This PhD thesis describes work undertaken to effect asymmetric catalysis in hydroamination and hydro(acy)alkoxylation reactions of allenes. The introductory Chapter provides an overview of recent advances in asymmetric heterofunctionalisation reactions of allenes. This includes intra- and inter-molecular reactions involving C-N and C-O bond formations.
Chapter 2 begins by comparing the preparation of a γ-allenic alcohol by two different synthetic routes and its subsequent use in intramolecular hydroalkoxylation reactions using copper(II) and silver(I) salts. From this study, the ability of silver diphosphine complexes to facilitate enantioselective hydroalkoxylation reactions in a 5-exo-trig fashion was discovered. Extensive reaction optimisation was undertaken, however only moderate ee’s and conversions were observed.
In Chapter 3, the use of other metal Lewis acids to catalyse hydroalkoxylation reactions of γ-allenic alcohols is presented. DFT calculations undertaken by a colleague (Prof H. S. Rzepa) were used to rationalise the observed regioselectivities with silver(I), zinc(II), and tin(II) triflates. From DFT calculations, the metal counteranion was found to be intimately involved in the C-O bond formation.

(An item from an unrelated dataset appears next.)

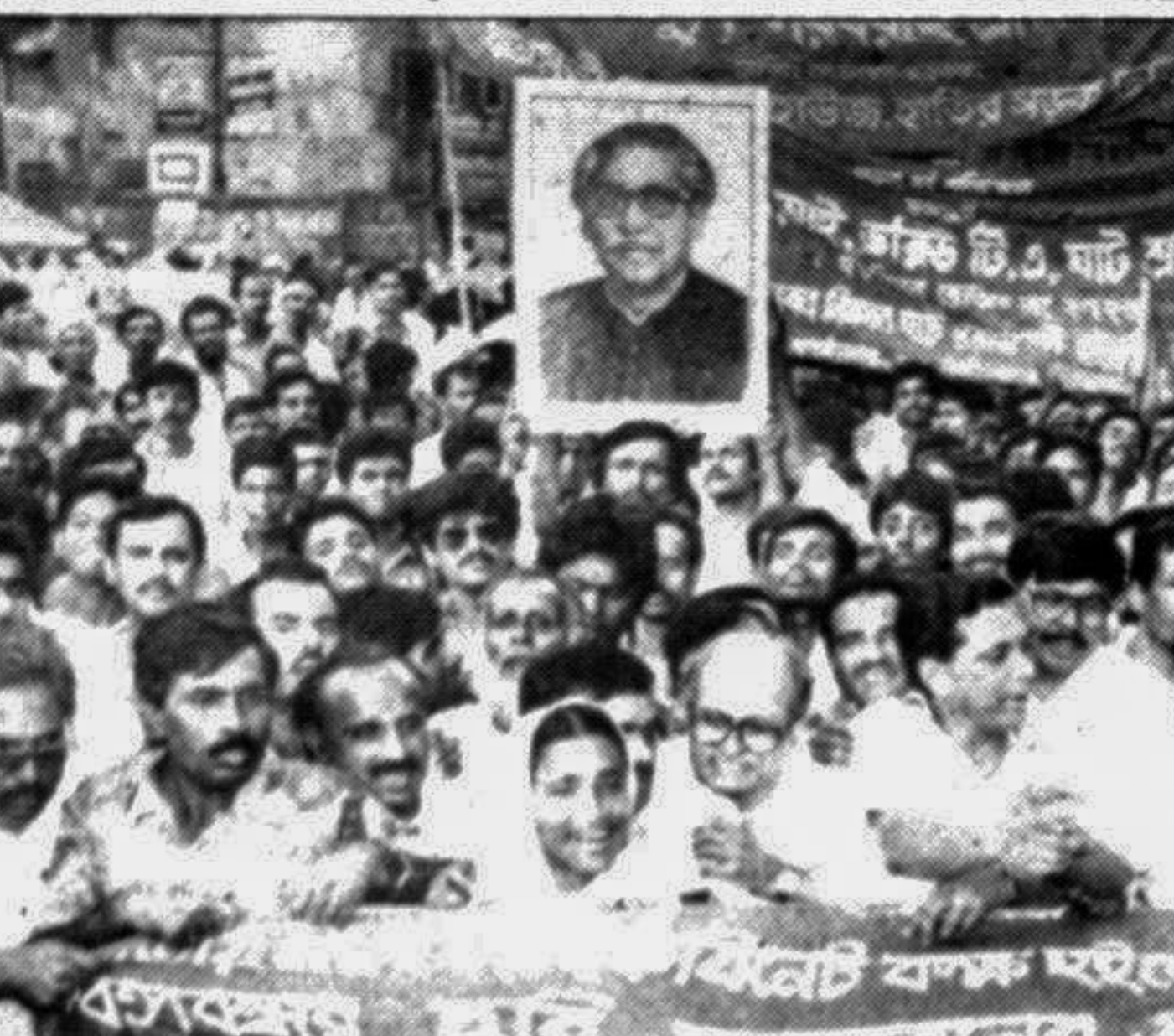
The Bangladesh Awami Krishak League brought out a procession in the city yesterday to protest the removal of a portrait of Bangabandhu Sheikh Mujibur Rahman from the Cabinet Room of the Jatiya Sangsad recently.

In the following two Chapters, the possibility of asymmetric synthesis by using chiral anionic ligands is discussed. In Chapter 4, additional γ-allenic alcohols and β-allenic acids were synthesised for intramolecular hydroalkoxylation or hydroacyalkoxylation reactions respectively. In Chapter 5, the respective γ-allenic amines were prepared for intramolecular hydroamination. In both cases, the outcome, scope and limitations of the reaction are discussed.
In Chapter 6, an overall conclusion and future work is discussed.
The last Chapter contains experimental procedures and characterisation data of all the compounds synthesised during the course of this project.